Une odeur de fast food flottait, indiquant le passage au drive qu'avait fait Fabien avant de se rendre ici. Ses sièges, bien que globalement plus propres, n'étaient pas dénués de quelques traces de boissons et nourriture que l'agent avait négligemment consommé dans l'habitacle de sa voiture à diverses occasions. Paradoxalement, son costume était généralement impeccable et bien repassé, même si ses habitudes alimentaires le rendaient plus sujet aux petites tâches que Matthieu, bien plus maniaque. Sa veste était couchée sur les sièges arrière, avec un soin dénotant au milieu de tous ces déchets.

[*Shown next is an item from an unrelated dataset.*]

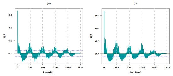 Autocorrelation function (ACF) of PM10 data at (a) GPE and (b) PR from 2006 to 2010 before the Box–Cox transformation and the seasonal differentiation. The gray vertical lines of equation denote the offsets that are multiples of 365.

La raison est que Fabien était fier de pouvoir se vêtir ainsi, il avait travaillé dur pour cela. Et tout comme le cinéma l'avait fait rêvé en lui présentant des agents plus propres sur eux les uns que les autres, il avait cette image qui lui restait dans la tête, celle d'un professionnel dont l'apparence reflétait son sérieux. L'image, voilà quelque chose qui lui semblait primordial dans son métier, qu'il s'agisse d'être agent de police, ou détective privé. Il avait atteint ses objectifs, et bien que la réalité se soit révélée bien fade en comparaison du fantasme qui l'avait animé si longtemps, il était parvenu à devenir cet agent de l'ombre, enquêtant en marge des autres, d'une manière différente, sans les impératifs horaires, sans toute cette paperasserie qui n'en finissait jamais de se démultiplier pour un lacet défait. Son heure était venue. Bien qu'être un policier lambda lui ait ouvert la voie dans cette recherche, il pouvait se targuer d'avoir mené son investigation indépendamment du circuit officiel. Et il était là, en face de la maison d'une des plus grandes fortunes du pays, prêt à frapper un grand coup en se présentant devant un millionnaire connu de tous, un grand gérant d'entreprise qui était parti de peu, pour atteindre les sommets. Un homme accompli, mais dont les vices vont précipiter la chute...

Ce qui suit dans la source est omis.